Being Real Rather Than Happy

Being Real Rather Than Happy 2015-06-21T07:12:21-08:00

emotions-371238_640Sometimes I shock my students and the other people who come to my Zen center by suggesting our spiritual practice doesn’t change us or make us happy. People usually argue with me, which is a good sign, I guess. It means meditation and Zen practice is doing them some good. I certainly don’t deny that’s possible.

What strikes me as less than useful is our tendency, especially as we get older, to have an increasing level of investment in having things all worked out. Each of us is supposed to have figured out a way to happiness, or at least enough happiness. It’s like a badge we carry around. If we’ve been trained in a particular route to happiness we can become an advocate for, or even a teacher of, that way. If we’ve discovered a novel route to happiness we can write books about it, offer workshops, and sell it to people. Just browse your local bookstore or magazine rack – so many routes to happiness, and all of them guaranteed!

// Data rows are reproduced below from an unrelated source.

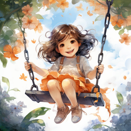 Cute little girl sitting on a swing in a blooming spring garden. Watercolor cartoon illustration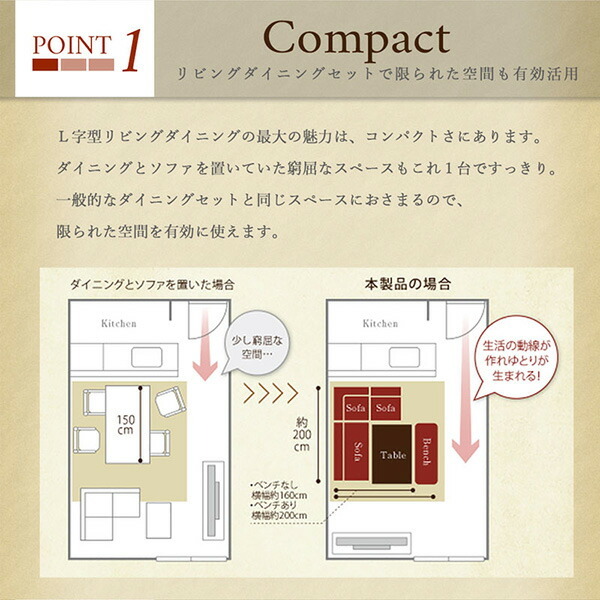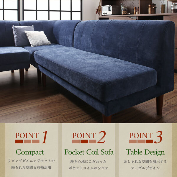 ダイニングセット(テーブル&ソファ) 3人 4点セット(テーブル+2Pソファ1脚+1Pソファ1脚+コーナーソファ1脚) W120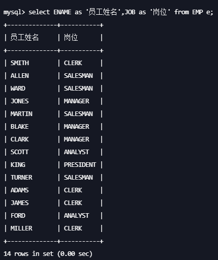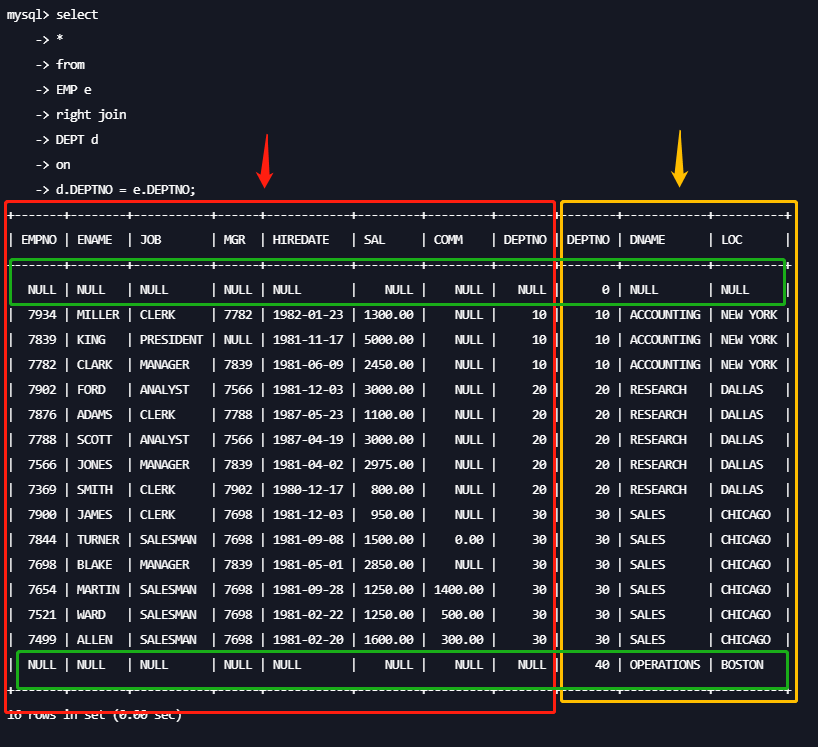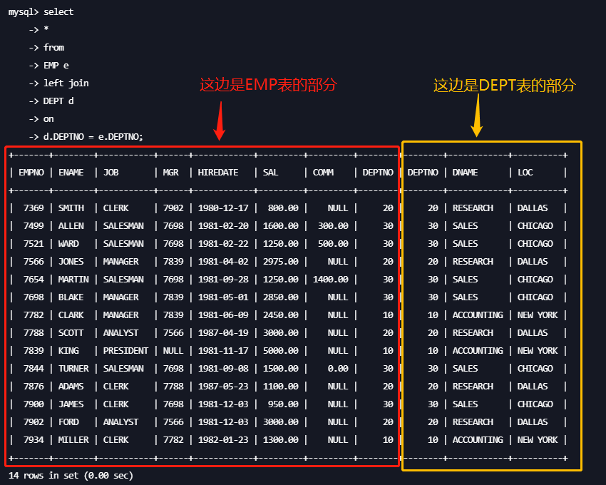 用于合并多个select 语句的结果。要注意,多个select 语句必须要拥有相同数量的字段,字段的数据类型也要相似。- select * from EMP e inner join DEPT d;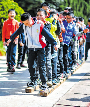 官渡區(qū)白漢場中心學校學生體驗壯族傳統(tǒng)體育項目“大板鞋”。 新華社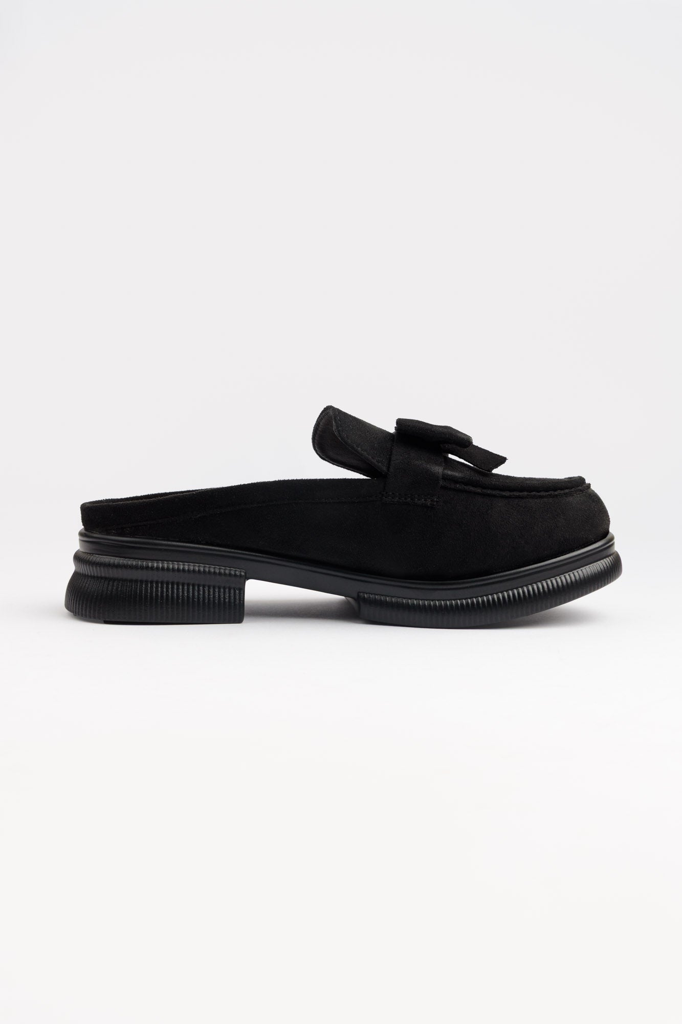BLACK SLIP-ON MULES WITH BOW

I fall into the same trap. Now I’m a “Zen teacher.” In my mind I imagine I’m supposed to be a poster child for how Zen can make you happy (and, ideally, a better and more compassionate person too). I become invested in knowing, and in staying happy. If I’m not happy, I have failed. I am a fraud. I am betraying all of the people I have convinced to practice Zen.

You probably also have people depending on you and your ability to stay happy – students, employees, children… it’s a pretty strong motivation to lie to yourself when you’re feeling a little depressed, discouraged, sad, aimless, etc. Get back on your happiness track! Get your act together! Work harder at your proven method of happiness production, or – if necessary – find a new method.

I don’t know, maybe it’s just me. But I doubt it.

After one recent, public self-revelation of a state of confusion and sadness I was experiencing, one of my Zen teachers upbraided me for betraying my work as a priest. He suggested I was undermining people’s faith in the Dharma, or the Zen path. I took his criticism seriously and wonder if perhaps he is right.

And yet, when I examine my heart deeply, what I find is this: my practice, ultimately, is the practice of no bullshit. It’s about returning to zero and being radically honest with myself.  It’s about letting go of concepts like happiness, unhappiness, success and failure. It’s about being absolutely real. And as much as I’d love to really be full of love and light all the time, it’s just not the case.

So Zen isn’t a route to happiness, and I hate it when it’s presented that way, or when I feel obligated to present it that way.

And yet, it’s better to be real. It’s so much better to be real – whether you’re happy or miserable,  whether you’ve got it together or your life’s a mess – I highly recommend whatever path takes you toward being more real. Being more real means being more alive.